_WORK ORDER:_
Examine each line of the data. Copy the line if it includes the word "кейс".

_THE DATA:_
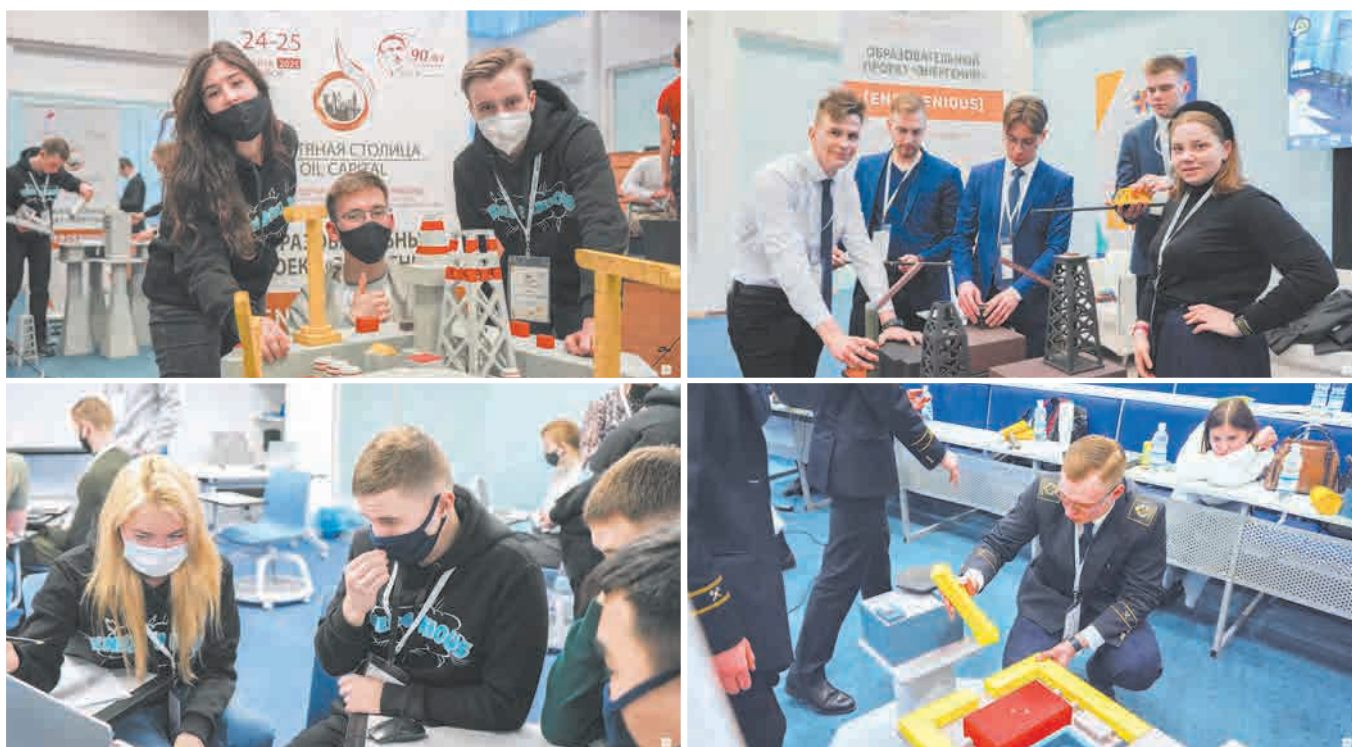
Рабочие моменты финального этапа кейс-марафона «ЭнерГений». Ханты-Мансийск, март 2021 г.

Образовательная программа «ЭнерГений», созданная Российским национальным комитетом Мирового нефтяного совета, быстро набирает популярность. Особенно велик интерес к проводимым в рамках программы кейс-марафонам. Впечатлениями об образовательном марафоне делятся его участники.
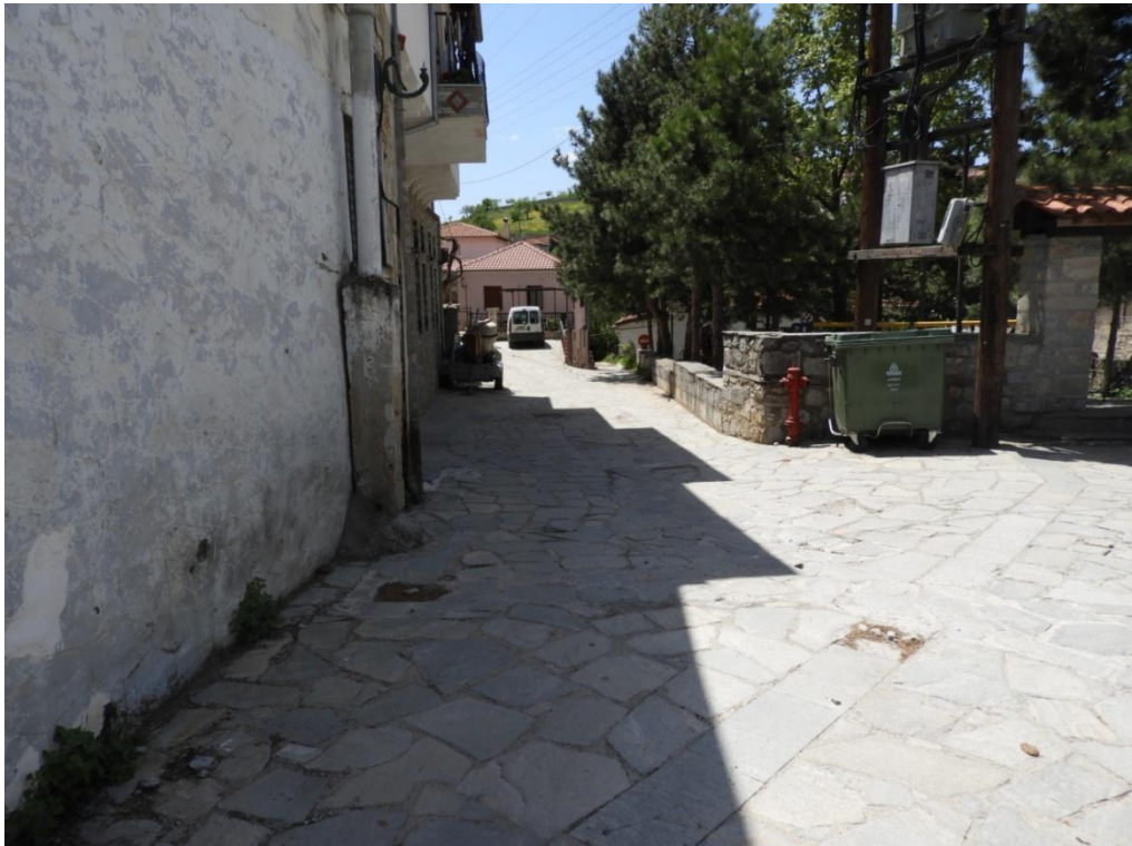
Εικόνα 3-18: Υφιστάμενη κατάσταση Πλατεία Ελευθερίας

_ANSWER TO THE EXERCISE:_
Рабочие моменты финального этапа кейс-марафона «ЭнерГений». Ханты-Мансийск, март 2021 г.
Образовательная программа «ЭнерГений», созданная Российским национальным комитетом Мирового нефтяного совета, быстро набирает популярность. Особенно велик интерес к проводимым в рамках программы кейс-марафонам. Впечатлениями об образовательном марафоне делятся его участники.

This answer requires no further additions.